■ EXERCISE PROMPT: Everything from the "Explore The Collection" line to the final line of the listing should be written out exactly. Skip the pictures.

■ DATA:

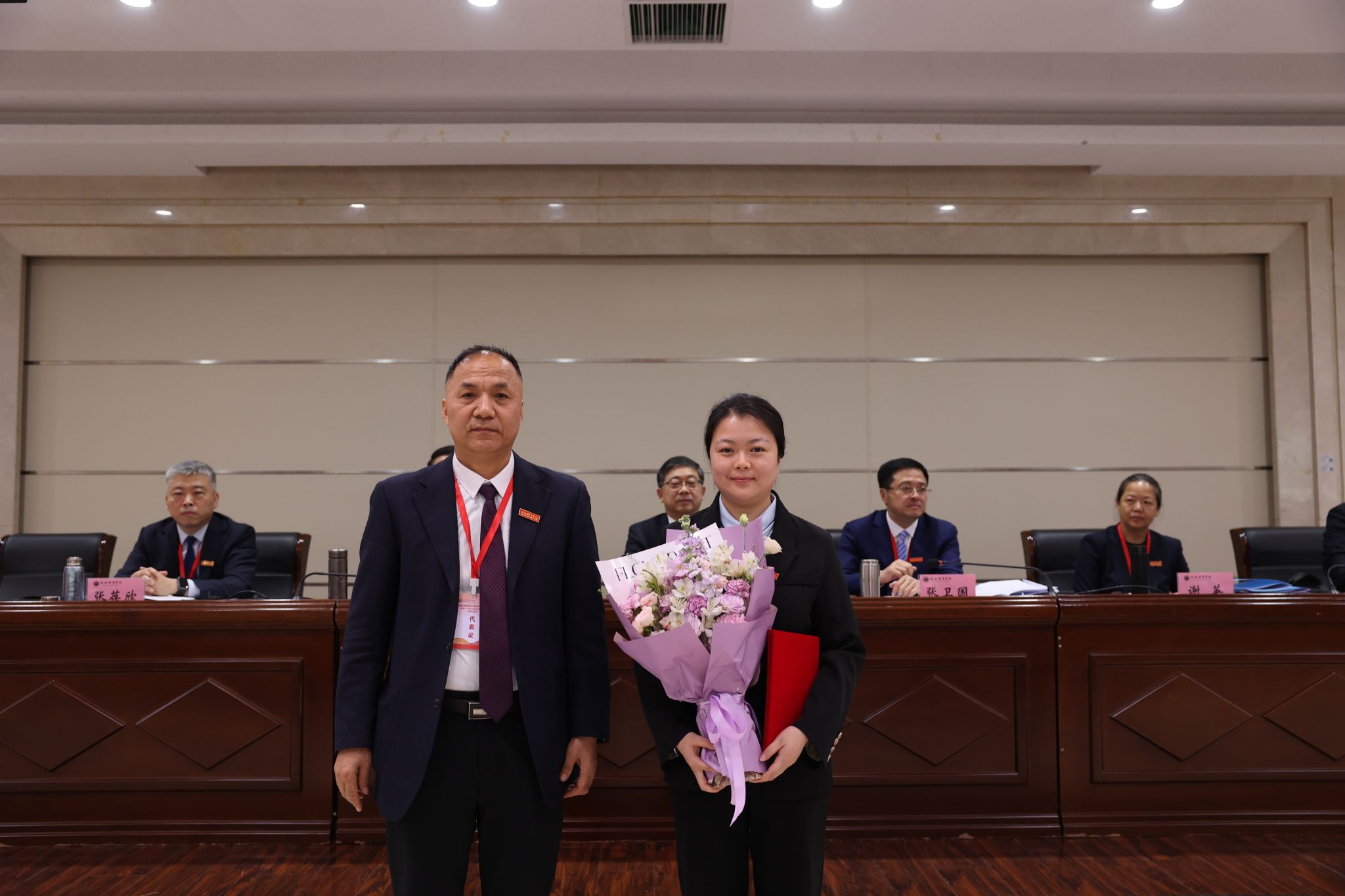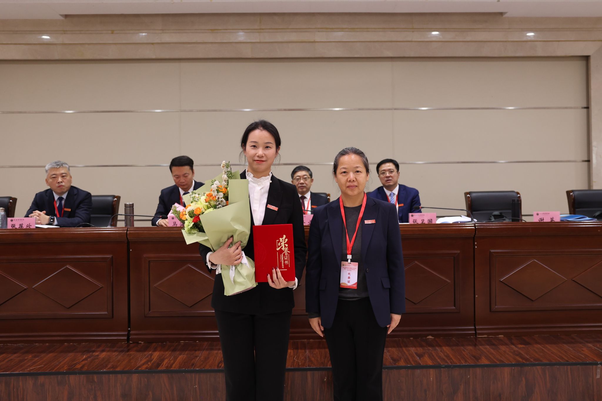 副校长张葆欣为第15届全运会女子拳击项目冠军亚军季军教练员任强、第15届全运会马拉松混合接力亚军教练员蒋秋艳颁奖
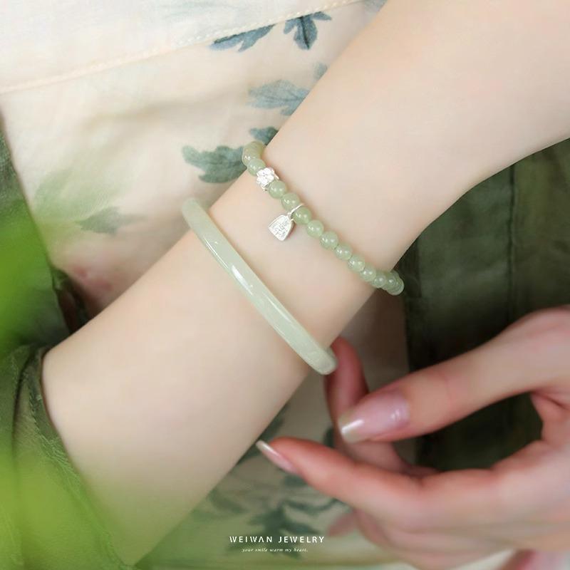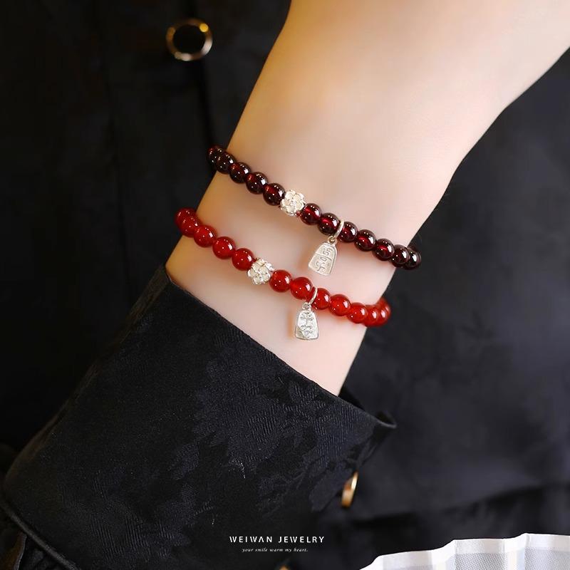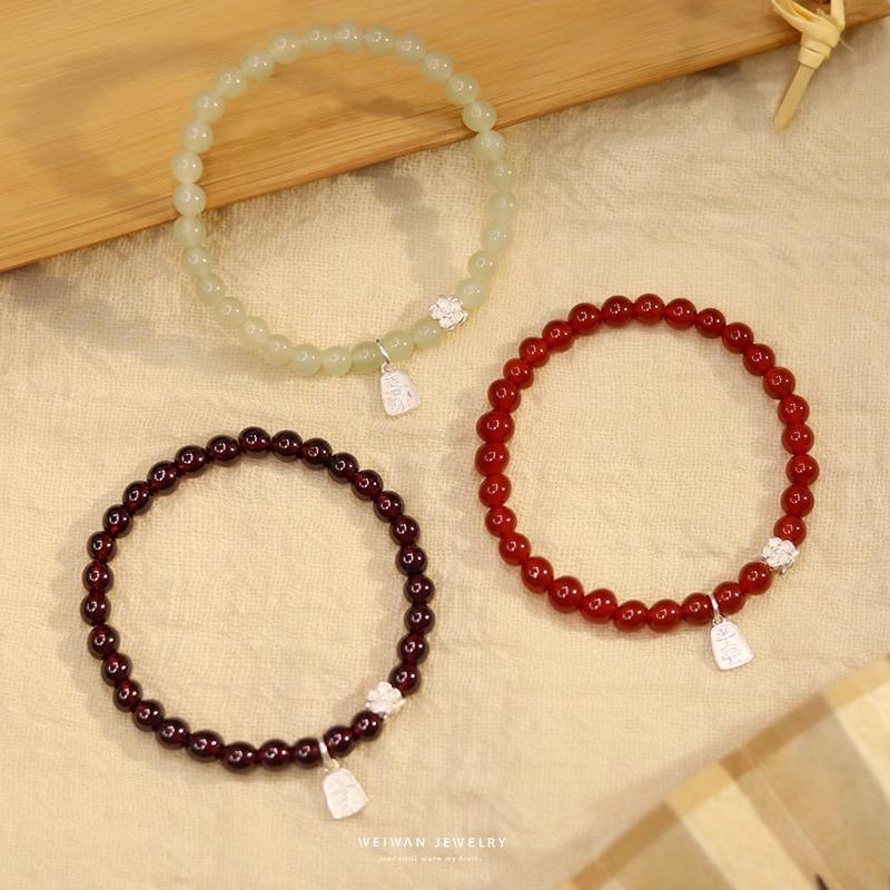 925纯银天然和田玉手链女款2024新款石榴石手串中式串珠小众礼物
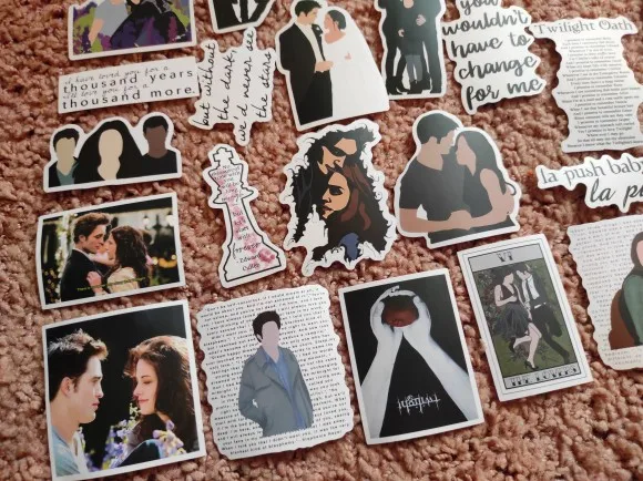50 Uds clásico película de la Saga Crepúsculo pegatinas portátil monopatín DIY maleta guitarra impermeable coche fresco calcomanías etiqueta Juguetes
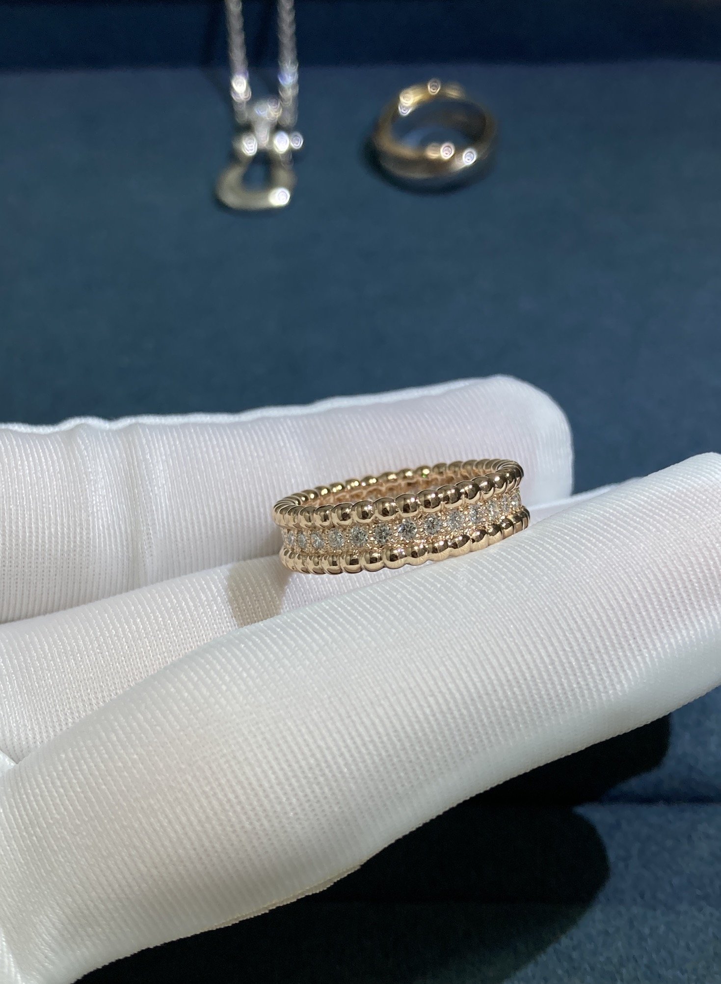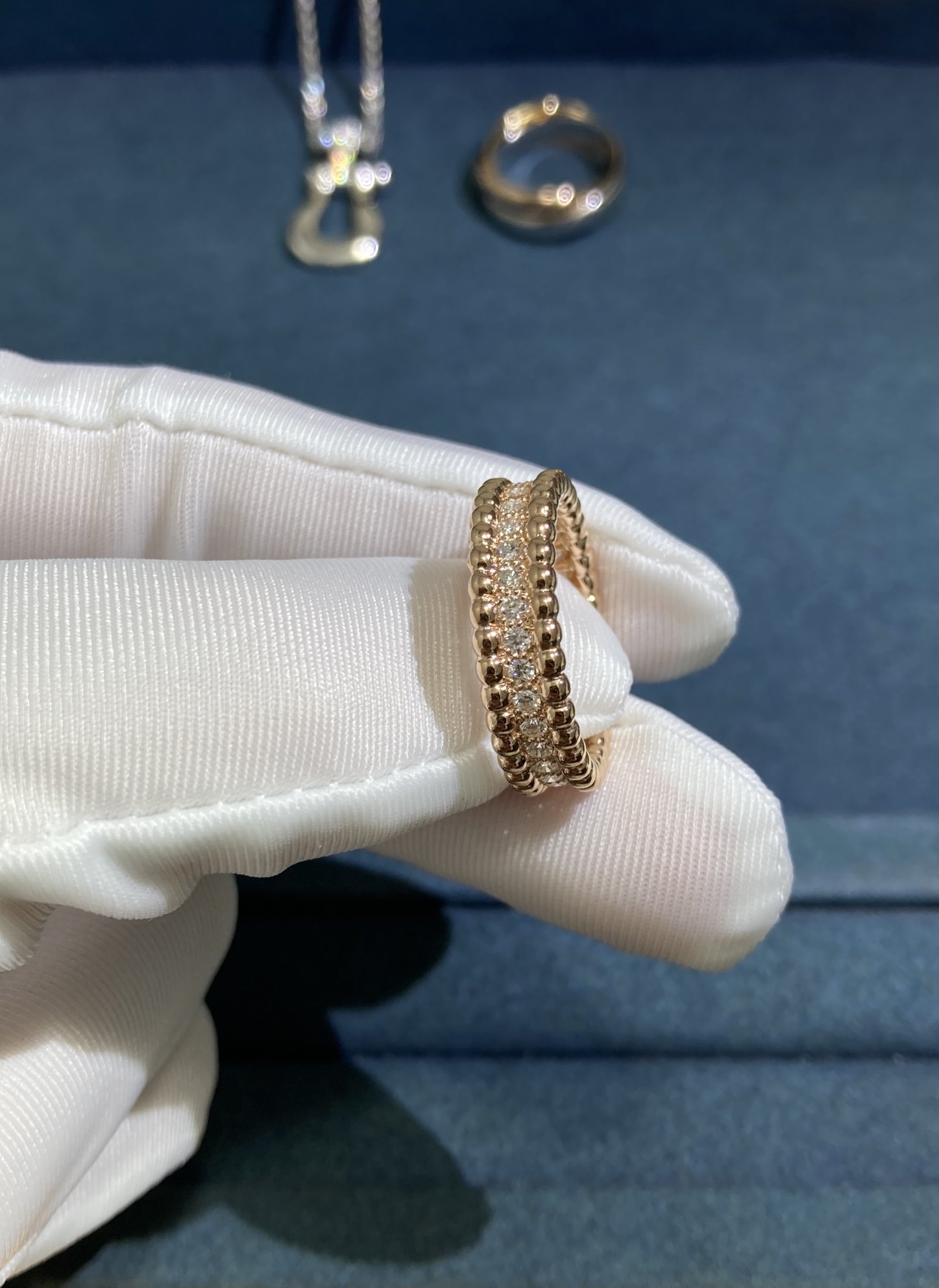 Beads Center Full Diamond Ring, Rose Gold
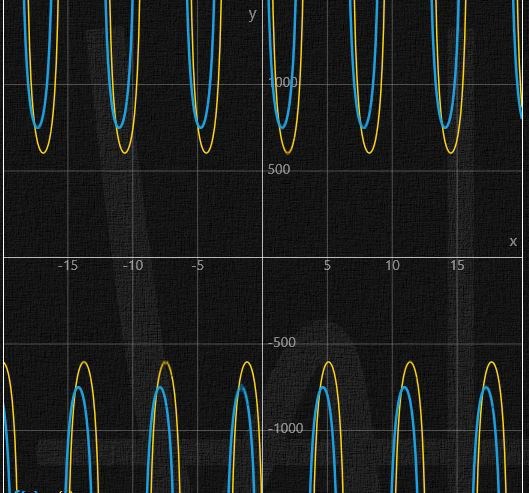Till en fysik uppgift vill jag rita en graf där kurvor y=1350/(1.8*sin x+0.1*cos x) och y=600/(sin x-0.4*cos x), korsar.
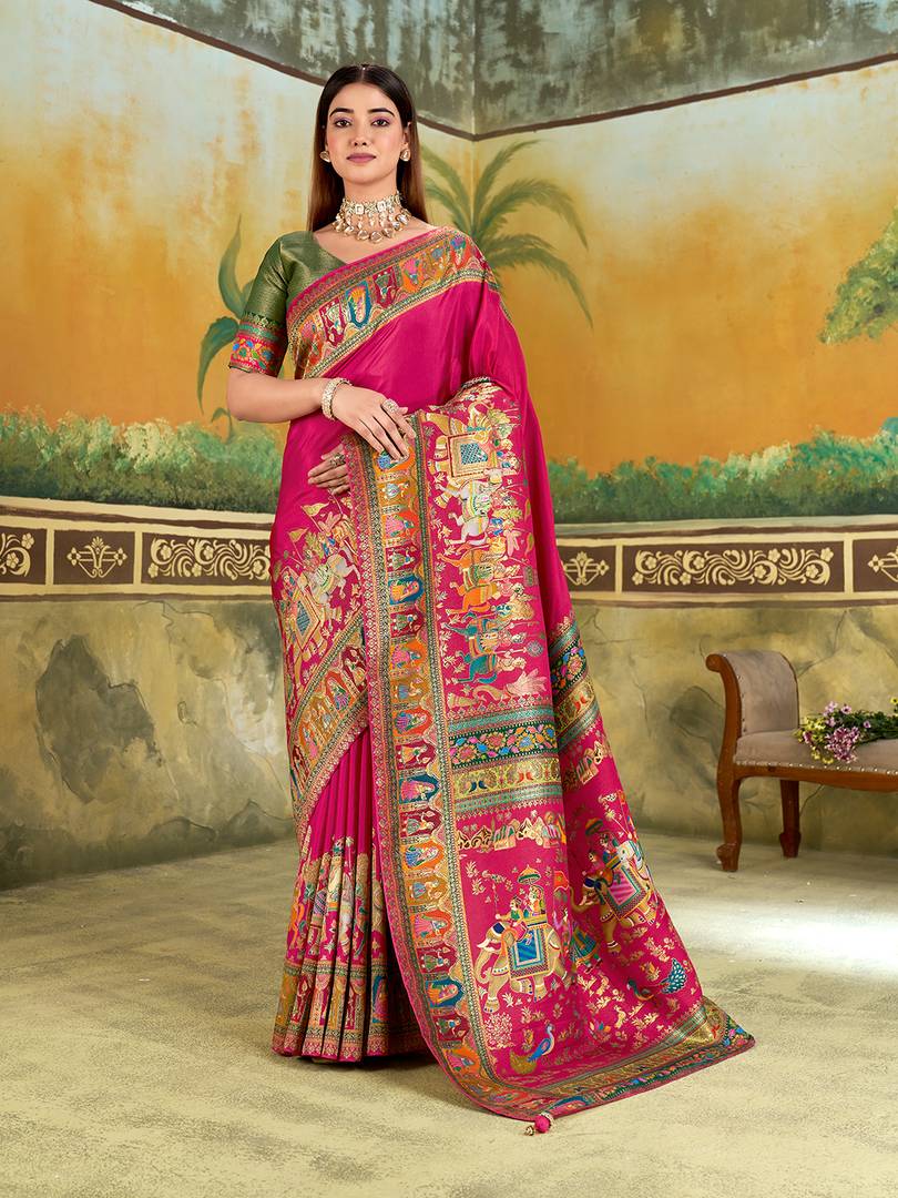 Explore The Collection Of Beautifully Designed Saree. Saree: Pink || Saree Work: Postion Print with Zari work || Saree Fabric: Viscose Silk | Blouse Fabric: Viscose Silk|| These Saree Are Perfect For Occasions And Events Anytime Of The Day Or Night.
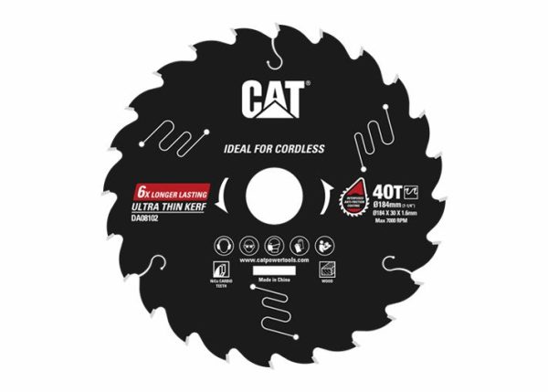قرص قطع خشب رفيع كاتربيلر، 1 مم، 40 سن، 184 مم، أسود – DA08102
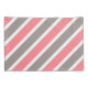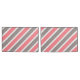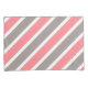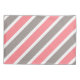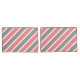Las almohadas modernas de la habitación de los chicas tienen un patrón diagonal rayado en rojo, gris y blanco.

■ RESPONSE TO THIS EXERCISE:
 Explore The Collection Of Beautifully Designed Saree. Saree: Pink || Saree Work: Postion Print with Zari work || Saree Fabric: Viscose Silk | Blouse Fabric: Viscose Silk|| These Saree Are Perfect For Occasions And Events Anytime Of The Day Or Night.
قرص قطع خشب رفيع كاتربيلر، 1 مم، 40 سن، 184 مم، أسود – DA08102
Las almohadas modernas de la habitación de los chicas tienen un patrón diagonal rayado en rojo, gris y blanco.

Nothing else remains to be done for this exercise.